## Goal of the exercise
Do not repeat pictures. Repeat exactly the lines of the listing below from its first line through the line with "крепления, держатель |".

[Recorded information Boundary: Start]

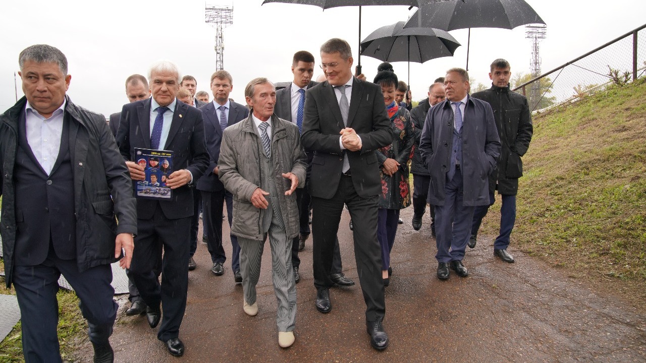 Радию Хабирову рассказали, что здесь по проекту планируют новые трибуны на 8400 посадочных мест. На спортивной площадке будут футбольное поле и беговые дорожки, которые зимой планируют заливать водой, чтобы там проводить соревнования по мотогонкам на льду. В подтрибунных помещениях может появиться легкоатлетический манеж, центр спортивных единоборств, музей истории и спортивной славы. Центр технических видов спорта имени Габдрахмана Кадырова, базирующийся на стадионе «Строитель», получит современные просторные боксы для техники, мастерские и административные помещения.
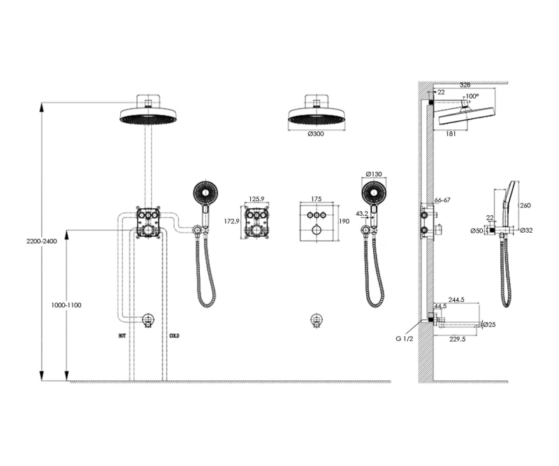 | В комплекте | Смеситель для душа, верхний душ, ручной душ, шланг для ручного душа, крепления, держатель |
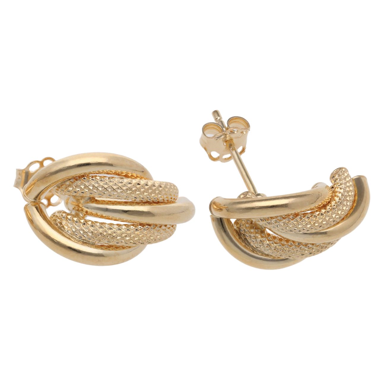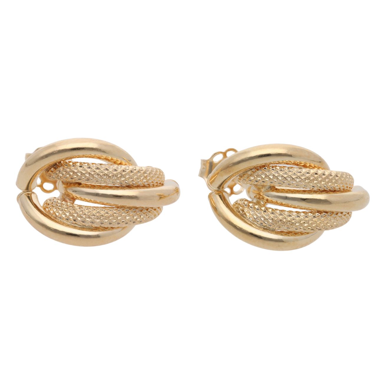 9ct Yellow Gold Plain And Mesh Stud Earrings

[Recorded information Boundary: End]

## Answer section
 Радию Хабирову рассказали, что здесь по проекту планируют новые трибуны на 8400 посадочных мест. На спортивной площадке будут футбольное поле и беговые дорожки, которые зимой планируют заливать водой, чтобы там проводить соревнования по мотогонкам на льду. В подтрибунных помещениях может появиться легкоатлетический манеж, центр спортивных единоборств, музей истории и спортивной славы. Центр технических видов спорта имени Габдрахмана Кадырова, базирующийся на стадионе «Строитель», получит современные просторные боксы для техники, мастерские и административные помещения.
 | В комплекте | Смеситель для душа, верхний душ, ручной душ, шланг для ручного душа, крепления, держатель |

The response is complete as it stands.